DATA EXTRACT
┄┄┄┄┄┄
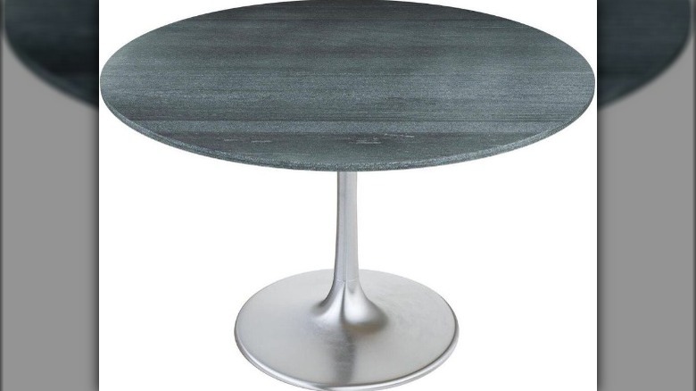 The round Metropolis dining table from One Stop Bedrooms is $1,815 and features a dark gray color with undertones of blue and green. This is an excellent option for dining rooms designed with similar hues. For instance, with complementary dark turquoise chairs.
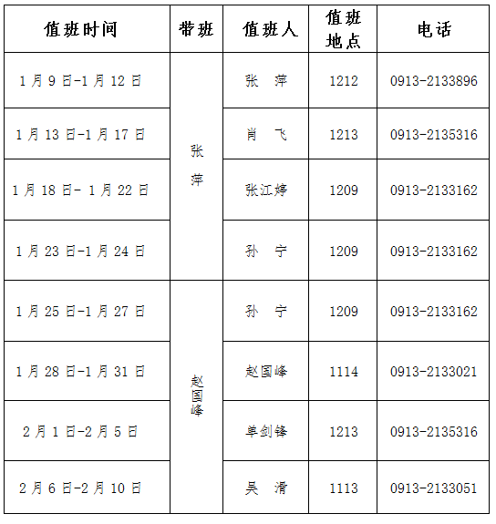 按照公司安排,2023年1月9日至2月10日公司放寒假。假期,太阳成集团tyc7111cc有人值班,值班安排如下,校内师生、单位办事,校外群众、单位办事,请联系值班人员或到值班处。
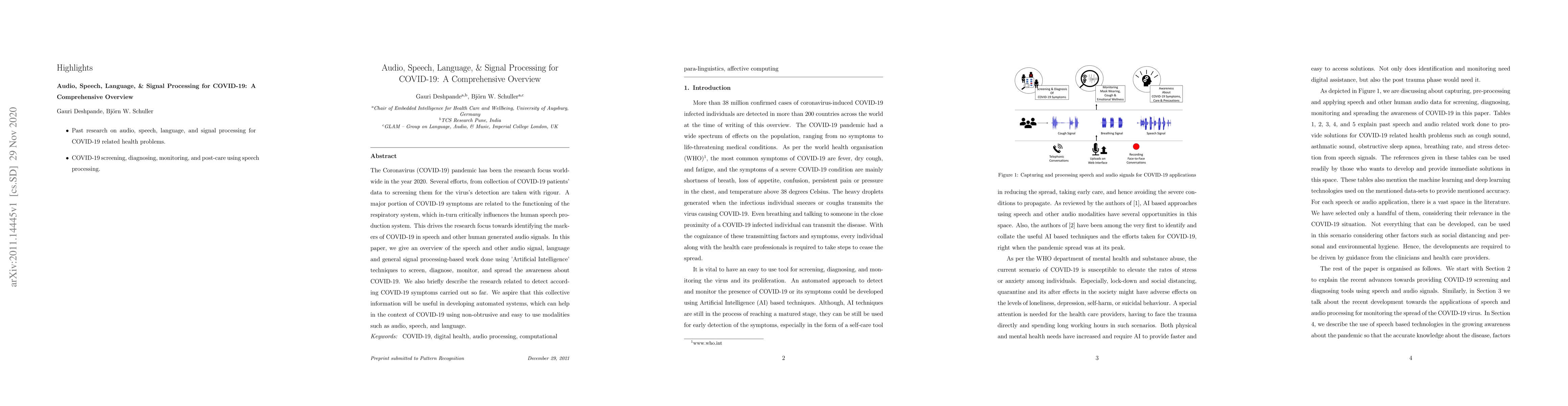 The Coronavirus (COVID-19) pandemic has been the research focus world-wide in the year 2020. Several efforts, from collection of COVID-19 patients' data to screening them for the virus's detection are taken with rigour. A major portion of COVID-19 symptoms are related to the functioning of the respiratory system, which in-turn critically influences the human speech production system. This drives the research focus towards identifying the markers of COVID-19 in speech and other human generated audio signals. In this paper, we give an overview of the speech and other audio signal, language and general signal processing-based work done using Artificial Intelligence techniques to screen, diagnose, monitor, and spread the awareness aboutCOVID-19. We also briefly describe the research related to detect accord-ing COVID-19 symptoms carried out so far. We aspire that this collective information will be useful in developing automated systems, which can help in the context of COVID-19 using non-obtrusive and easy to use modalities such as audio, speech, and language.
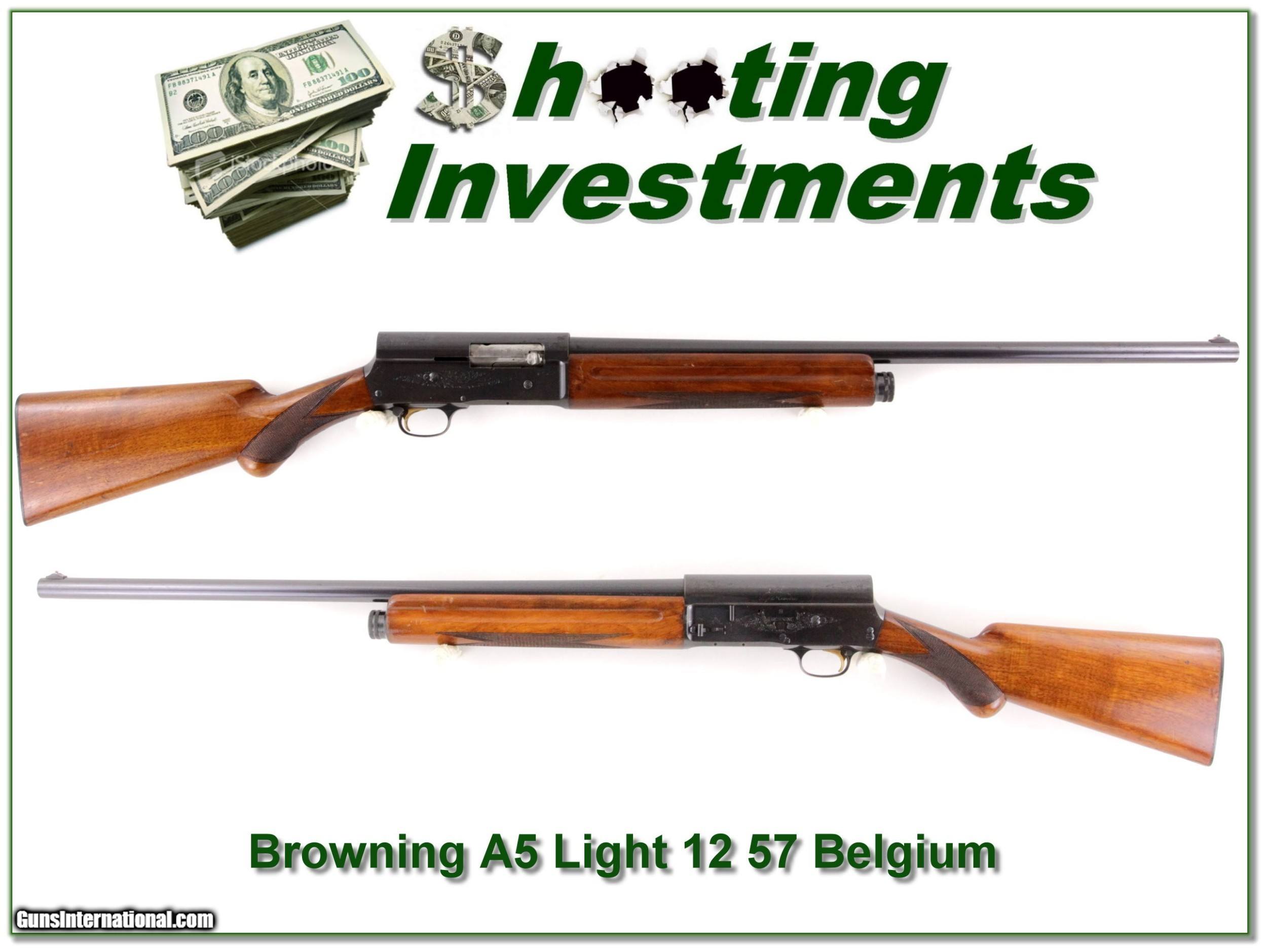 Description: This is a 1957 Belgium made Browning A5 Light 12. The blue is very good with just light edge thinning and few minor marks. The wood is solid with original horn butt and just some marks from use. The barrel is a 26in IC making this one the perfect classic bird gun! They just don’t make them like they used too! Shipping with insurance is $39. Please email me with any questions or larger pictures. (Consign your quality firearms with Shooting Investments for only 12%! Let me know if you have any you would like to sell!) 19-1526 Payment: Payment is by Money Order, Cashiers Check or Personal Check. I can now also accept Credit Cards (MasterCard, Visa, Discover & American Express) with a 3% convenience fee. PayPal can be used for some items but never for firearms. Shipping: The shipping charge will be listed in each description. It is $39 for most firearms. Some heavy guns or those insured for over $2000 will be higher. Shipments to Alaska and Hawaii are higher because air shipment is required. Most firearms are shipped on Tuesday and Thursday and usually in 5 days of receipt of payment. We package all shipments carefully and insure them. Optics are shipped Priority Mail and most other non-firearm shipments are shipped First Class. Returns: Our return policy is simple. If for any reason you are not pleased with your purchase, you may return your item for a full refund of purchase price. Ammunition cannot be returned. It is important to us that you are happy. Guns cannot be fired or dissembled before returning them and they must be returned in the same condition as received. Notification of a return must occur with-in 3 days of receipt at your dealer. Shipping, convenience and dealer fees are not refundable and are the responsibility of the buyer. Lay-a-way: If needed, we offer a 60 day lay-a-way option on most firearms. It is 1/3 now, 1/3 in 30 days and 1/3 in 60 days. Lay-a-way firearm sales are final and if not completed the first payment cannot be returned. Consigning your firearms with Shooting Investments: We will help you get top dollar for your firearms. While most local guns shops charge 20% or more, our fee is only 12% with a minimum of $75. At your local gun shop it might take months to sell. Selling on-line provides instant access to thousands of interested buyers. You won’t find any other on-line dealer willing to sell your firearms for only 12% or listing every gun on 3 separate s. Selling through an House typically costs the seller 15% and the buyer an addition 15% (so 30%) and you have to wait several months to sell and longer to receive funds. If properly priced, we will sell your firearms in a few weeks. Send us an email or give us a call and we’ll explain how easy it is for you to get top dollar. Trading: Trading for use is really just buying your gun to re-sell. If you have a gun you want to trade, please email a picture and we will let you know what we can give or it. You will always get more if we sell it for you on consignment. Help for California Buyers: We are happy to ship to California. It is the buyer’s responsibility to make sure any item you buy is legal in your state. We are also happy to help with your purchase of a firearm from someone other than us. If you see a gun you would like to buy but the seller can’t or won’t ship to California they can ship to use and we’ll then ship it to your California dealer. The cost for this service is only $30 + shipping. Let us know if we can help! SOLD |
┄┄┄┄┄┄
ASSIGNMENT
The answer must consist solely of the lines from the first line of the data through the line containing "按照公司安排,2023年1月", inclusive, reproduced exactly and without pictures.

YOUR SOLUTION
 The round Metropolis dining table from One Stop Bedrooms is $1,815 and features a dark gray color with undertones of blue and green. This is an excellent option for dining rooms designed with similar hues. For instance, with complementary dark turquoise chairs.
 按照公司安排,2023年1月9日至2月10日公司放寒假。假期,太阳成集团tyc7111cc有人值班,值班安排如下,校内师生、单位办事,校外群众、单位办事,请联系值班人员或到值班处。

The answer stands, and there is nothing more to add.